| What is required |
Beneath this task are records; print exactly the stretch of them from the line with "60-year-old female presented" through the line with "2019年3月21日,河北省张家口市宣化区滨河幼儿园的小朋友在画彩蛋。", both ends included.

| Extracted material |
== Segment start ==

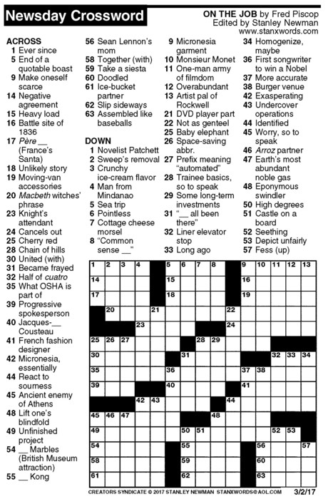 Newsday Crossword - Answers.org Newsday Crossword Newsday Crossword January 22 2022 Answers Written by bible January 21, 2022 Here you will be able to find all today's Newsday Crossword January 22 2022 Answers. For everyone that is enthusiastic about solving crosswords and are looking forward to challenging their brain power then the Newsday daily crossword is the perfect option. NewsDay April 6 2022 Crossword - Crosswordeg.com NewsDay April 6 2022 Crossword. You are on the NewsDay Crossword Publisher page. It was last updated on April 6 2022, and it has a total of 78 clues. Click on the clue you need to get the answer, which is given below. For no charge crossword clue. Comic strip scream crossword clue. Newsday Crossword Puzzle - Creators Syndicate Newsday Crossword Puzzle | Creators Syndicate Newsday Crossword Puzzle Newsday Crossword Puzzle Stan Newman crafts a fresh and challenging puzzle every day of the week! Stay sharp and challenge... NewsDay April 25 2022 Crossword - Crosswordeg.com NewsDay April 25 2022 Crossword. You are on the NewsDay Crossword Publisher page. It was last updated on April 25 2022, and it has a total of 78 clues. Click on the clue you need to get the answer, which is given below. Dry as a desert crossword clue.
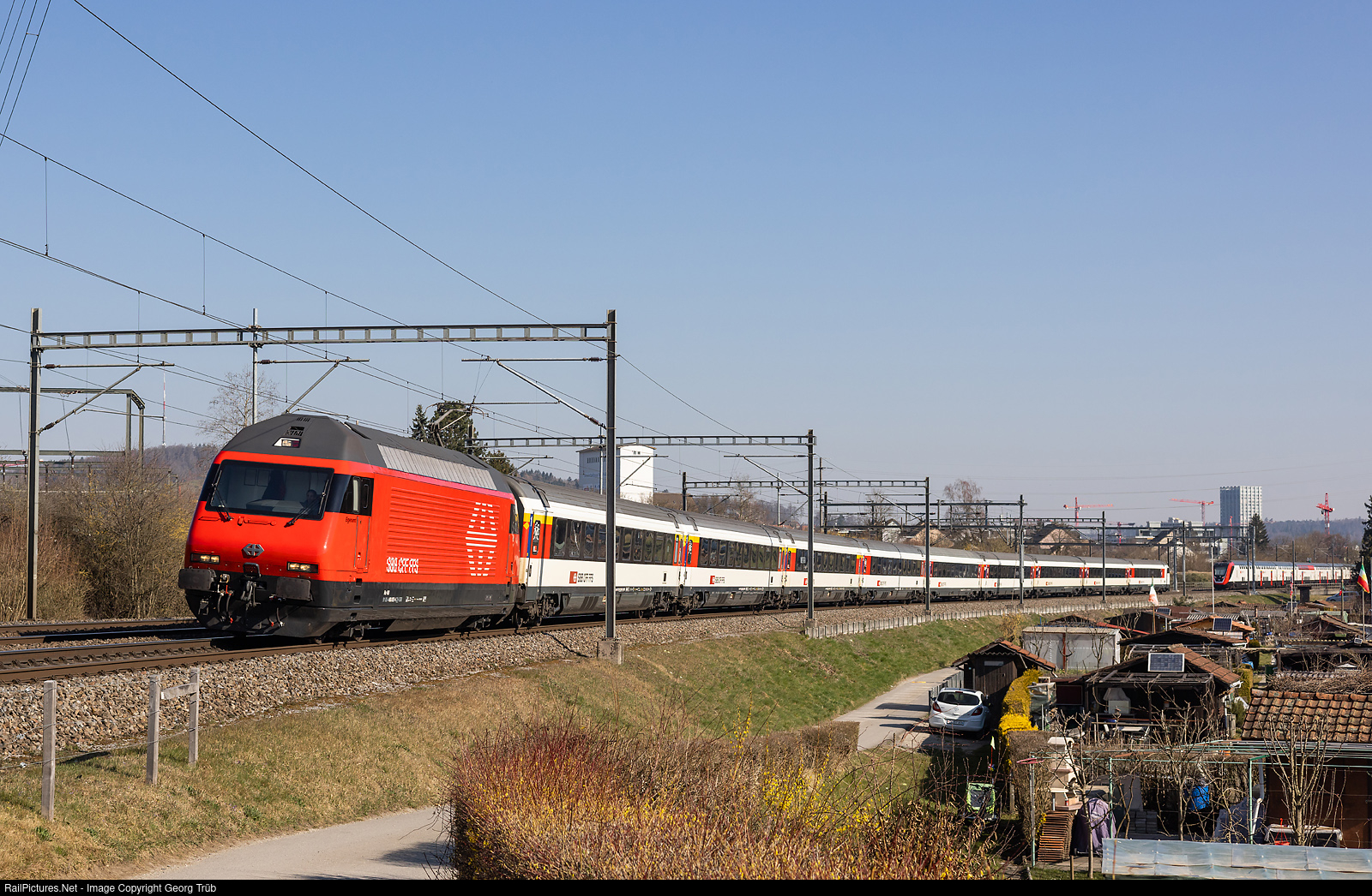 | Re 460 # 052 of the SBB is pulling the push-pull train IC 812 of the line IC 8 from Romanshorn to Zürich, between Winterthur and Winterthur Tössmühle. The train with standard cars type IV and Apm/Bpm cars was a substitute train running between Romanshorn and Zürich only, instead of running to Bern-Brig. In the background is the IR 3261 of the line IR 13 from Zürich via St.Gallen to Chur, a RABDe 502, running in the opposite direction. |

== Segment end ==
== Segment start ==

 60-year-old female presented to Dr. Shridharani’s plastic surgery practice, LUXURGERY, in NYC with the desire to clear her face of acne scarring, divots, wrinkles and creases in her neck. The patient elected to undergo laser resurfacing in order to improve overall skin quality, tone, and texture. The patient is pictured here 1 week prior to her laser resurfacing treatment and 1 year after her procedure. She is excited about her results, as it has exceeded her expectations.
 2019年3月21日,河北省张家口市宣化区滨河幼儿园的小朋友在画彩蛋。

== Segment end ==
== Segment start ==

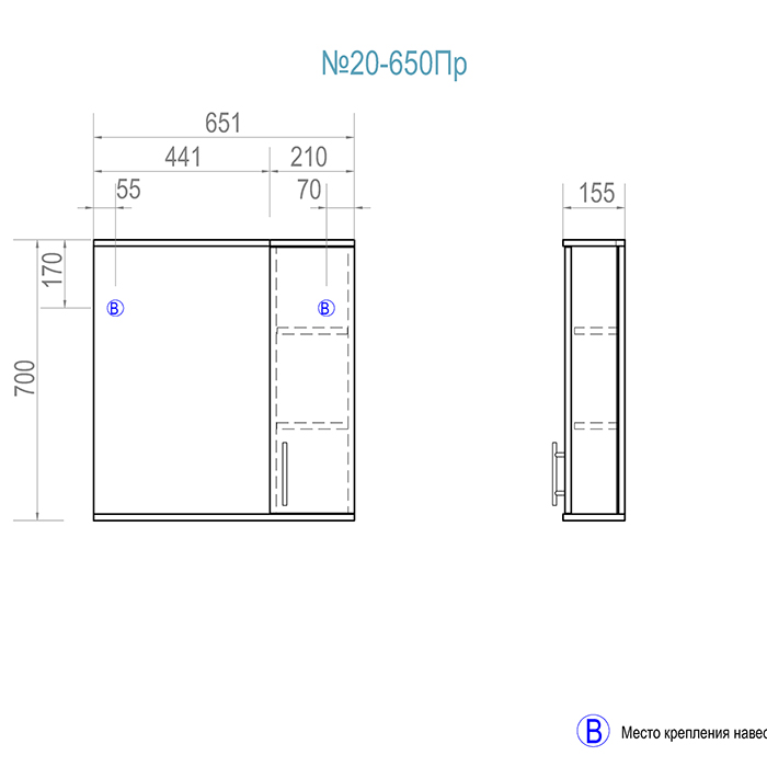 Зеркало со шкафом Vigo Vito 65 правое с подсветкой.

== Segment end ==

| Result for this exercise |
 60-year-old female presented to Dr. Shridharani’s plastic surgery practice, LUXURGERY, in NYC with the desire to clear her face of acne scarring, divots, wrinkles and creases in her neck. The patient elected to undergo laser resurfacing in order to improve overall skin quality, tone, and texture. The patient is pictured here 1 week prior to her laser resurfacing treatment and 1 year after her procedure. She is excited about her results, as it has exceeded her expectations.
 2019年3月21日,河北省张家口市宣化区滨河幼儿园的小朋友在画彩蛋。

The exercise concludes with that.